● EXERCISE DATA:
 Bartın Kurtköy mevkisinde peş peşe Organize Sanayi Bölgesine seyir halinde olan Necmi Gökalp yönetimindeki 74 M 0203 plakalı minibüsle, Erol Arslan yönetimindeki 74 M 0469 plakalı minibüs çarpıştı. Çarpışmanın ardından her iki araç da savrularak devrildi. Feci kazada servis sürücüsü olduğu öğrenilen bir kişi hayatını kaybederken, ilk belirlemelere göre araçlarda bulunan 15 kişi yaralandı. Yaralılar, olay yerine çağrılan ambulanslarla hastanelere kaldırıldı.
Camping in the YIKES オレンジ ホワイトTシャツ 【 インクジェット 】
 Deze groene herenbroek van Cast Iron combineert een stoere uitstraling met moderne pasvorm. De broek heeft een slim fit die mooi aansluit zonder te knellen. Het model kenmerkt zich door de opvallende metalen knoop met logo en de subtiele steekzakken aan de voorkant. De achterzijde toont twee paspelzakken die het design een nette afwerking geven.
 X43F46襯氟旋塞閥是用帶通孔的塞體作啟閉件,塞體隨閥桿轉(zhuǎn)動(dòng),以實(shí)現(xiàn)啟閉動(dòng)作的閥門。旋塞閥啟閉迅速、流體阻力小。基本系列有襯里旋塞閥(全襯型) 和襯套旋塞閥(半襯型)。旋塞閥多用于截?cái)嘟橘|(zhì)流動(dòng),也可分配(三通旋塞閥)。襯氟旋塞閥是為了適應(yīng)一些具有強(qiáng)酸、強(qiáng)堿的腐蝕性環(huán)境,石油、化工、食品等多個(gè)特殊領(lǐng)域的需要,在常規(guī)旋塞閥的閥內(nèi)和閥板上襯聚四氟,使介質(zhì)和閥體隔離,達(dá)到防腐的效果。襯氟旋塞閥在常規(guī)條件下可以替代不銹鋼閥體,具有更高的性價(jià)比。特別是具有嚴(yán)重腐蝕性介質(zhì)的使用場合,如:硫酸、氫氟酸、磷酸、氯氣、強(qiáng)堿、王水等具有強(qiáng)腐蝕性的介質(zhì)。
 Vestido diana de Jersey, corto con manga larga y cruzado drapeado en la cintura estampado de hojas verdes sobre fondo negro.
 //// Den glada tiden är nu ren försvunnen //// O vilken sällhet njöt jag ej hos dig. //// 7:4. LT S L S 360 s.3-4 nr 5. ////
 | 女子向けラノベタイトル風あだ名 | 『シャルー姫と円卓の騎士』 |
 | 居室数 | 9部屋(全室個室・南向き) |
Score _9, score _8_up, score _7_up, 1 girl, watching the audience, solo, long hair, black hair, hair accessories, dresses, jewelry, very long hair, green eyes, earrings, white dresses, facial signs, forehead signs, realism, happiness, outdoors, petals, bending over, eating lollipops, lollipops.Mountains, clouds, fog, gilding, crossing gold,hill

● TASK ITEM:
Set down all of the entries again, keeping every line exactly as it is.

● RESPONSE:
 Bartın Kurtköy mevkisinde peş peşe Organize Sanayi Bölgesine seyir halinde olan Necmi Gökalp yönetimindeki 74 M 0203 plakalı minibüsle, Erol Arslan yönetimindeki 74 M 0469 plakalı minibüs çarpıştı. Çarpışmanın ardından her iki araç da savrularak devrildi. Feci kazada servis sürücüsü olduğu öğrenilen bir kişi hayatını kaybederken, ilk belirlemelere göre araçlarda bulunan 15 kişi yaralandı. Yaralılar, olay yerine çağrılan ambulanslarla hastanelere kaldırıldı.
Camping in the YIKES オレンジ ホワイトTシャツ 【 インクジェット 】
 Deze groene herenbroek van Cast Iron combineert een stoere uitstraling met moderne pasvorm. De broek heeft een slim fit die mooi aansluit zonder te knellen. Het model kenmerkt zich door de opvallende metalen knoop met logo en de subtiele steekzakken aan de voorkant. De achterzijde toont twee paspelzakken die het design een nette afwerking geven.
 X43F46襯氟旋塞閥是用帶通孔的塞體作啟閉件,塞體隨閥桿轉(zhuǎn)動(dòng),以實(shí)現(xiàn)啟閉動(dòng)作的閥門。旋塞閥啟閉迅速、流體阻力小。基本系列有襯里旋塞閥(全襯型) 和襯套旋塞閥(半襯型)。旋塞閥多用于截?cái)嘟橘|(zhì)流動(dòng),也可分配(三通旋塞閥)。襯氟旋塞閥是為了適應(yīng)一些具有強(qiáng)酸、強(qiáng)堿的腐蝕性環(huán)境,石油、化工、食品等多個(gè)特殊領(lǐng)域的需要,在常規(guī)旋塞閥的閥內(nèi)和閥板上襯聚四氟,使介質(zhì)和閥體隔離,達(dá)到防腐的效果。襯氟旋塞閥在常規(guī)條件下可以替代不銹鋼閥體,具有更高的性價(jià)比。特別是具有嚴(yán)重腐蝕性介質(zhì)的使用場合,如:硫酸、氫氟酸、磷酸、氯氣、強(qiáng)堿、王水等具有強(qiáng)腐蝕性的介質(zhì)。
 Vestido diana de Jersey, corto con manga larga y cruzado drapeado en la cintura estampado de hojas verdes sobre fondo negro.
 //// Den glada tiden är nu ren försvunnen //// O vilken sällhet njöt jag ej hos dig. //// 7:4. LT S L S 360 s.3-4 nr 5. ////
 | 女子向けラノベタイトル風あだ名 | 『シャルー姫と円卓の騎士』 |
 | 居室数 | 9部屋(全室個室・南向き) |
Score _9, score _8_up, score _7_up, 1 girl, watching the audience, solo, long hair, black hair, hair accessories, dresses, jewelry, very long hair, green eyes, earrings, white dresses, facial signs, forehead signs, realism, happiness, outdoors, petals, bending over, eating lollipops, lollipops.Mountains, clouds, fog, gilding, crossing gold,hill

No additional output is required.